Chapter 6: Unsupervised Learning
Activity 20: Perform DIANA, AGNES, and k-means on the Built-In Motor Car Dataset
Solution:
- Attach the cluster and factoextra packages:
library(cluster)
library(factoextra)
- Load the dataset:
df <- read.csv("mtcars.csv")
- Set the row names to the values of the X column (the state names). Remove the X column afterward:
rownames(df) <- df$X
df$X <- NULL
Note
The row names (states) become a column, X, when you save it as a CSV file. So, we need to change it back, as the row names are used in the plot in step 7.
- Remove those rows with missing data and standardize the dataset:
df <- na.omit(df)
df <- scale(df)
- Implement divisive hierarchical clustering using DIANA. For easy comparison, document the dendrogram output. Feel free to experiment with different distance metrics:
dv <- diana(df,metric = "manhattan", stand = TRUE)
plot(dv)
The output is as follows:
Figure 6.41: Banner from diana()
The next plot is as follows:
Figure 6.42: Dendrogram from diana()
- Implement bottom-up hierarchical clustering using AGNES. Take note of the dendrogram created for comparison purposes later on:
agn <- agnes(df)
pltree(agn)
The output is as follows:
Figure 6.43: Dendrogram from agnes()
- Implement k-means clustering. Use the elbow method to determine the optimal number of clusters:
fviz_nbclust(mtcars, kmeans, method = "wss") +
geom_vline(xintercept = 4, linetype = 2) +
labs(subtitle = "Elbow method")
The output is as follows:
Figure 6.44: Optimal clusters using the elbow method
- Perform k-means clustering with four clusters:
k4 <- kmeans(df, centers = 4, nstart = 20)

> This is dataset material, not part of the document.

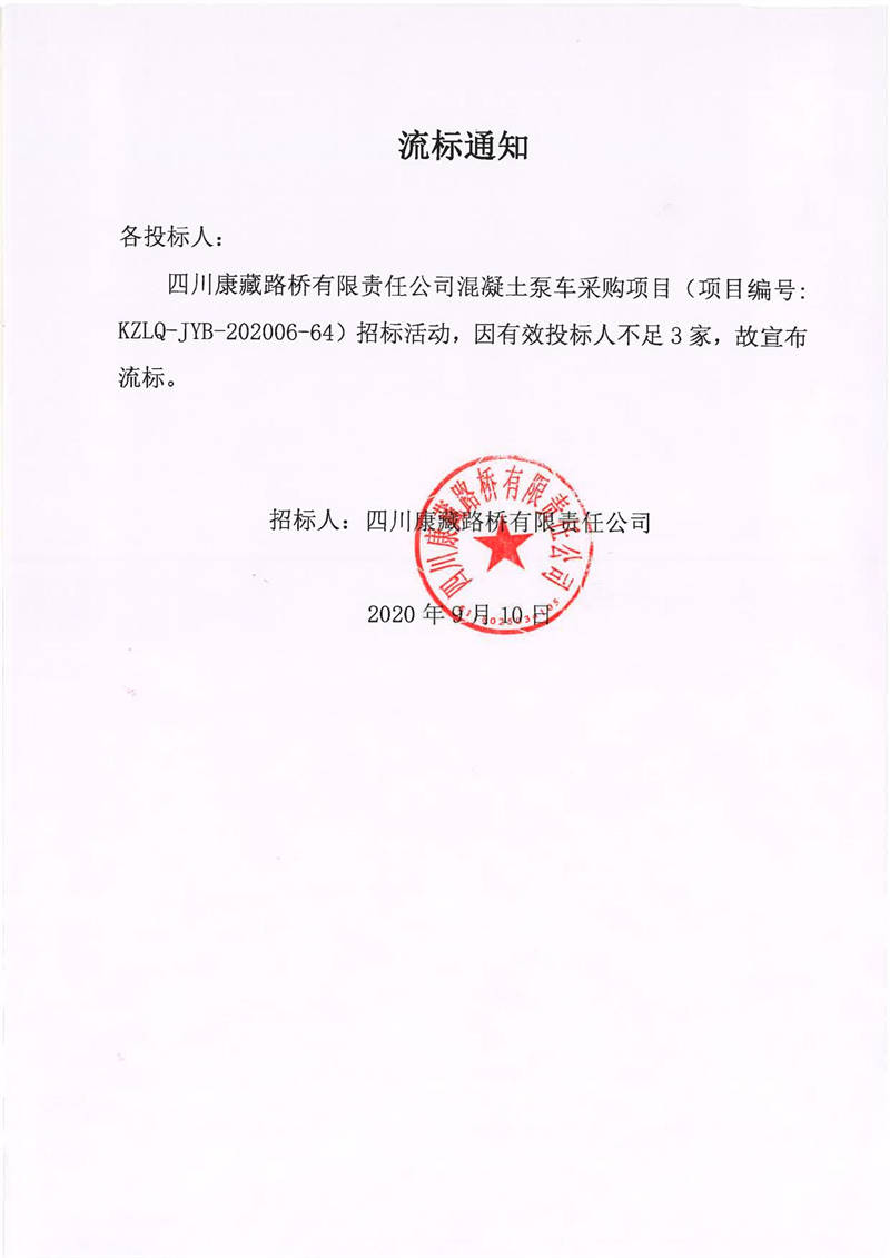 四川康藏路橋有限責任公司混凝土泵車采購項目流標通知

fviz_cluster(k4, data = df)
The output is as follows:
Figure 6.45: k-means with four clusters
- Compare the clusters, starting with the smallest one. The following are your expected results for DIANA, AGNES, and k-means, respectively:
Figure 6.46: Dendrogram from running DIANA, cut at 20
If we consider cutting the DIANA tree at height 20, the Ferrari is clustered together with the Ford and the Maserati (the smallest cluster):
Figure 6.47: Dendrogram from agnes, cut at 4
Meanwhile, cutting the AGNES dendrogram at height 4 results in the Ferrari being clustered with the Mazda RX4, the Mazda RX4 Wag, and the Porsche. k-means clusters the Ferrari with the Mazdas, the Ford, and the Maserati.
Figure 6.48: kmeans clustering
Clearly, the choice of clustering technique and algorithms results in different clusters being created. It is important to apply some domain knowledge to determine the most valuable end results.